THE PROBLEM. Beginning with the first line below, retype exactly each line through the one containing "The exclusive ASUS". Leave out all pictures.

*** INFORMATION PROVIDED Section Begins ***

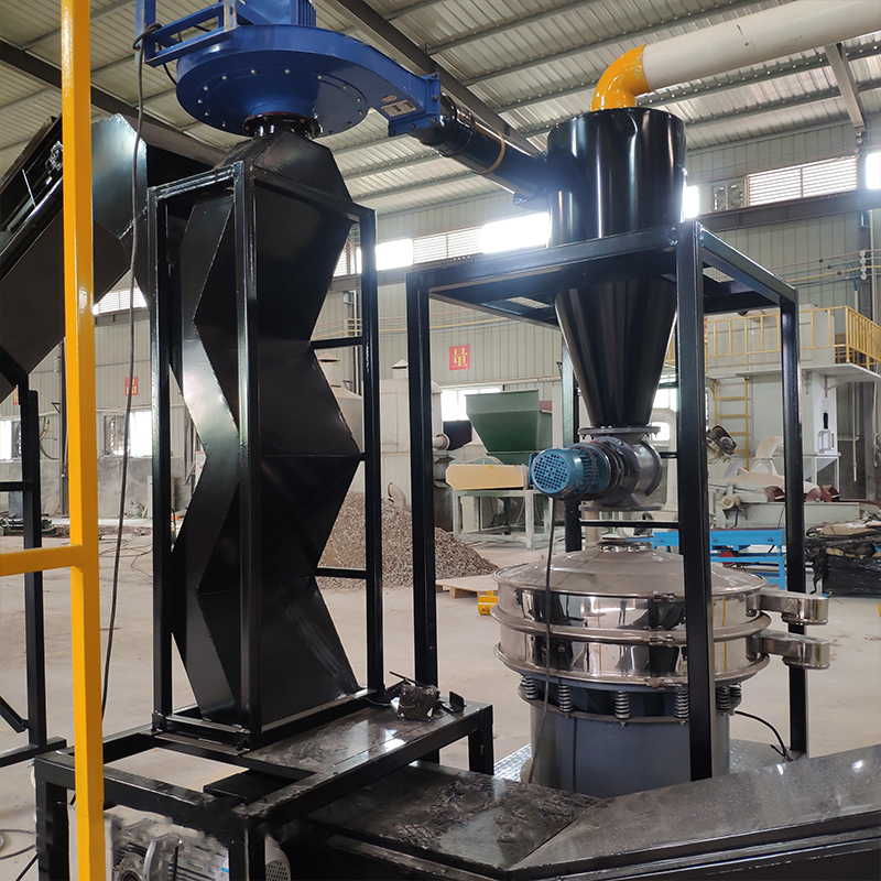 由輸送機將物料送入一級破碎機中進行粗破碎,粗破碎后的物料再通過輸送機送入二級破碎機中進行第二次破碎,二級破碎機破碎后的物料進入到輸送機中同時設置磁選設備,可以將物料中的鐵分選出來。物料輸送機和磁選器去除鐵后,進入到三級破碎機中進行細破碎,將物料破碎至粉末。粉末狀態的物料由負壓系統進入到旋風分離器中進行空氣過濾,并通過風機落至氣流分選機上,由氣流分選機分選,使不同密度的物質進行分層,最后得到金屬分選出來,而所有的非金屬由負壓系統帶入脈沖除塵器進行集中。而過濾得到的尾氣將繼續由負壓系統送入到尾氣處理設備中進行空氣凈化,使之達到國家排放標準后再進行高空排放。
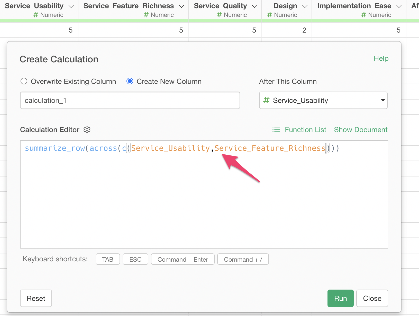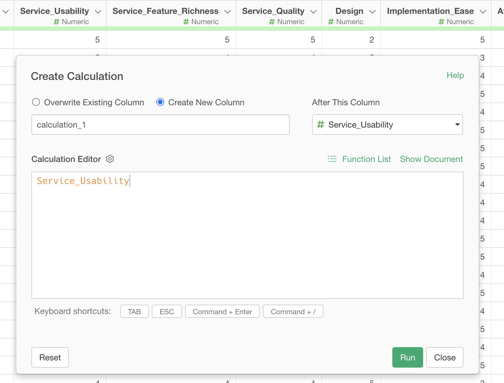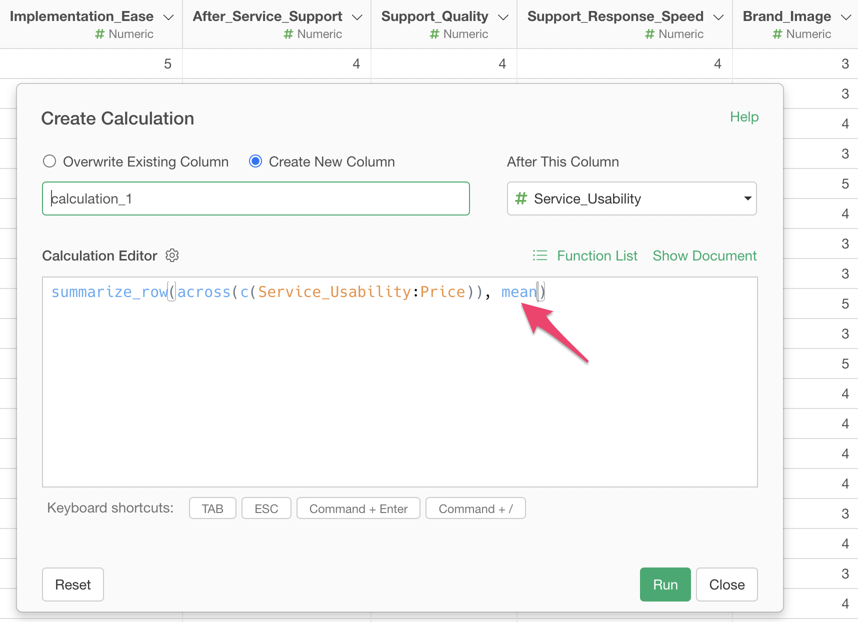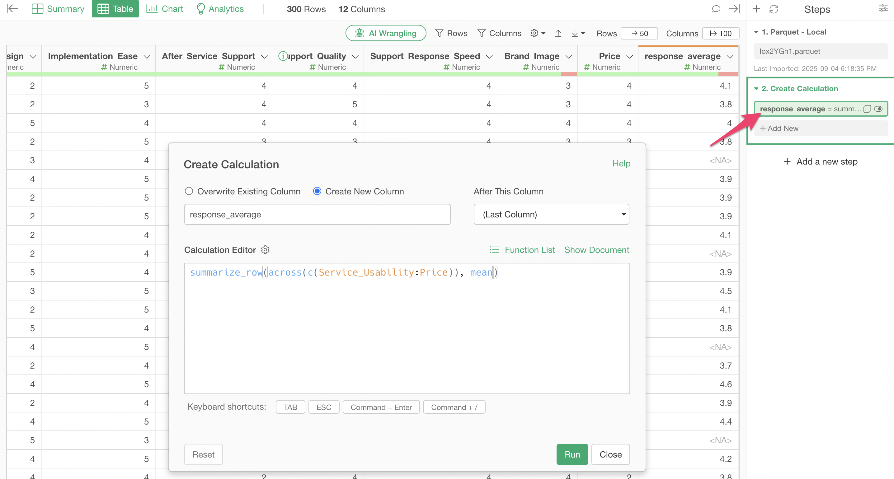 Check “Create New Column”, set the column name to “Average Response”, and select “Last Column” for where to create this column, then execute.
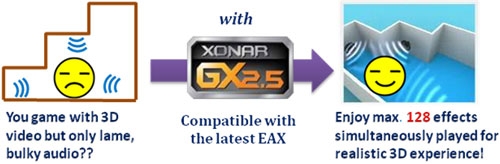 The exclusive ASUS GX 2.5 gaming audio engine on the Xonar DGX 5.1 allows up to 128 different sound effects simultaneously for a realistic 3D audio environment. It also offers full compatibility with the latest version of EAX.
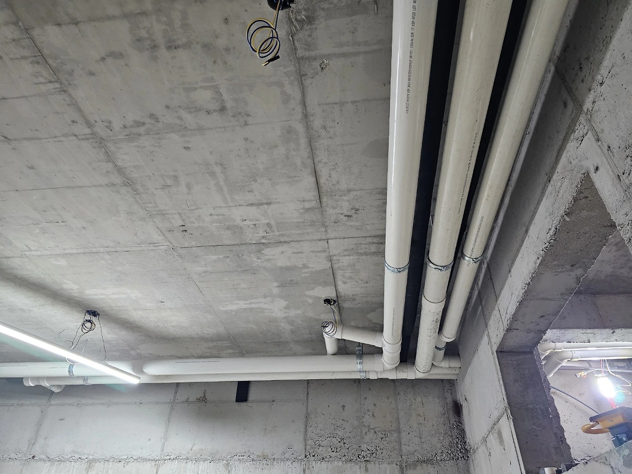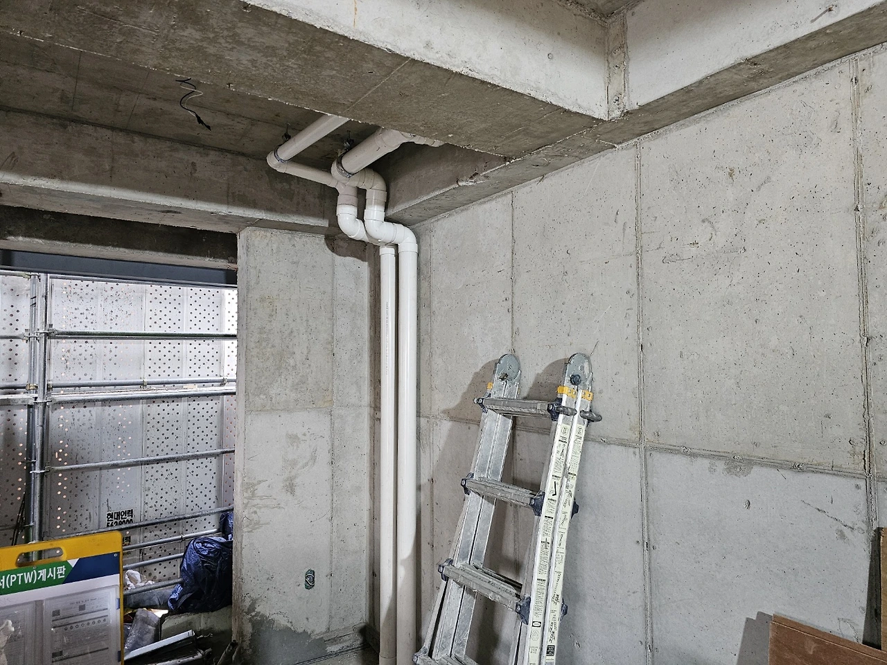 입상배관 : 서로 다른 층 간 연결된 건물의 내부 배관. 수직으로 연결되어 오수, 배수를 운반하는 역할을 하기 때문에 고정 클램프로 안전하게 고정하는 것이 중요하다.

*** INFORMATION PROVIDED Section Ends ***

SOLUTION TO THIS EXERCISE.
 由輸送機將物料送入一級破碎機中進行粗破碎,粗破碎后的物料再通過輸送機送入二級破碎機中進行第二次破碎,二級破碎機破碎后的物料進入到輸送機中同時設置磁選設備,可以將物料中的鐵分選出來。物料輸送機和磁選器去除鐵后,進入到三級破碎機中進行細破碎,將物料破碎至粉末。粉末狀態的物料由負壓系統進入到旋風分離器中進行空氣過濾,并通過風機落至氣流分選機上,由氣流分選機分選,使不同密度的物質進行分層,最后得到金屬分選出來,而所有的非金屬由負壓系統帶入脈沖除塵器進行集中。而過濾得到的尾氣將繼續由負壓系統送入到尾氣處理設備中進行空氣凈化,使之達到國家排放標準后再進行高空排放。
 Check “Create New Column”, set the column name to “Average Response”, and select “Last Column” for where to create this column, then execute.
 The exclusive ASUS GX 2.5 gaming audio engine on the Xonar DGX 5.1 allows up to 128 different sound effects simultaneously for a realistic 3D audio environment. It also offers full compatibility with the latest version of EAX.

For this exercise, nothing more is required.